━━━ Record excerpts
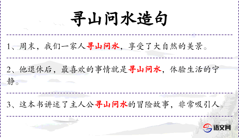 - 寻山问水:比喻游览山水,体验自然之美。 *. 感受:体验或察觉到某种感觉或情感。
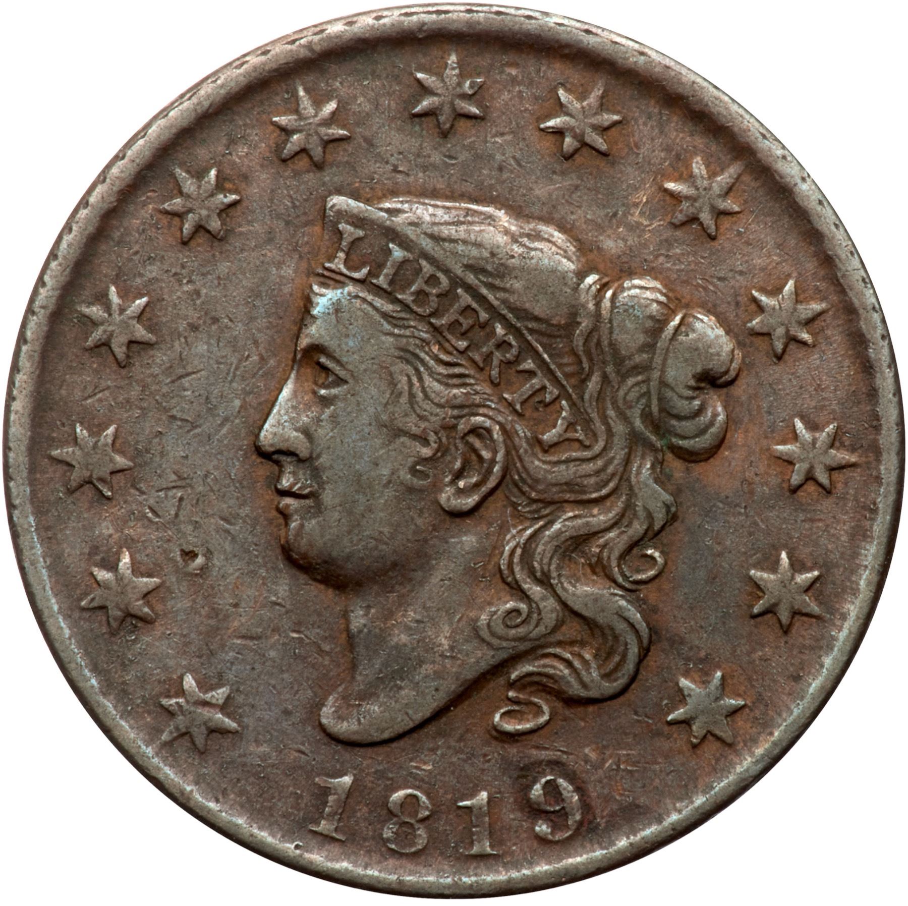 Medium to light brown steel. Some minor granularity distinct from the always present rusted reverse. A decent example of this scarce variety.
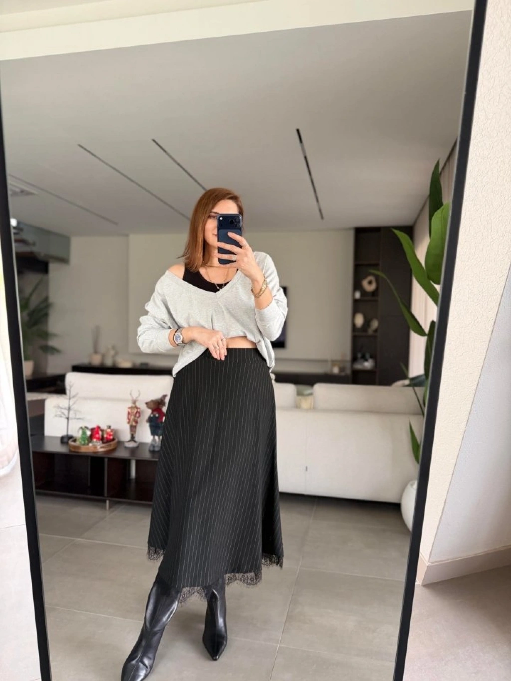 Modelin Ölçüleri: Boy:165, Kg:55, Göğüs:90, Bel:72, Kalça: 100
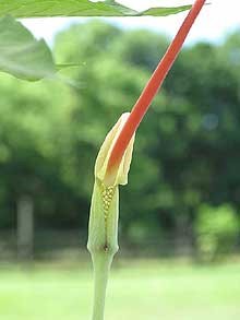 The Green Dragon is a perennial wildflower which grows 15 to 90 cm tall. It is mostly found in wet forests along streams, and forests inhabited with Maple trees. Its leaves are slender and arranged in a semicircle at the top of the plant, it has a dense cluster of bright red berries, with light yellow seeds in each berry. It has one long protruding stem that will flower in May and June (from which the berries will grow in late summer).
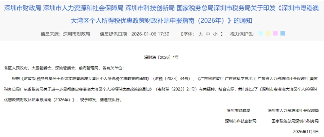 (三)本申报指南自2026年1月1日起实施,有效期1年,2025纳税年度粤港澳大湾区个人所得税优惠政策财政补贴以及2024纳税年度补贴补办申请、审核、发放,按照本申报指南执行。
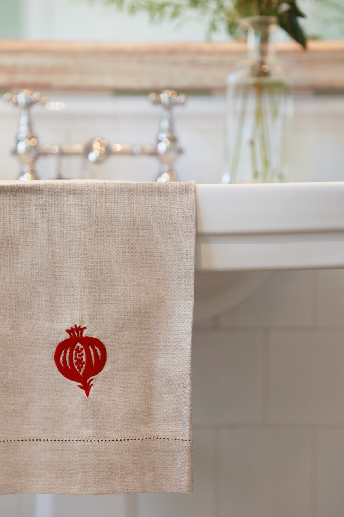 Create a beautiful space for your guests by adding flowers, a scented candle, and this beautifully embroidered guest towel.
━━━━━━
Task requirements:
Verbatim transcription needed, from the opening line of the entries above through the line containing "Modelin Ölçüleri: Boy:165, Kg:55, Göğüs:90, Bel:72, Kalça: 100"; pictures do not belong in it.

Finished task:
 - 寻山问水:比喻游览山水,体验自然之美。 *. 感受:体验或察觉到某种感觉或情感。
 Medium to light brown steel. Some minor granularity distinct from the always present rusted reverse. A decent example of this scarce variety.
 Modelin Ölçüleri: Boy:165, Kg:55, Göğüs:90, Bel:72, Kalça: 100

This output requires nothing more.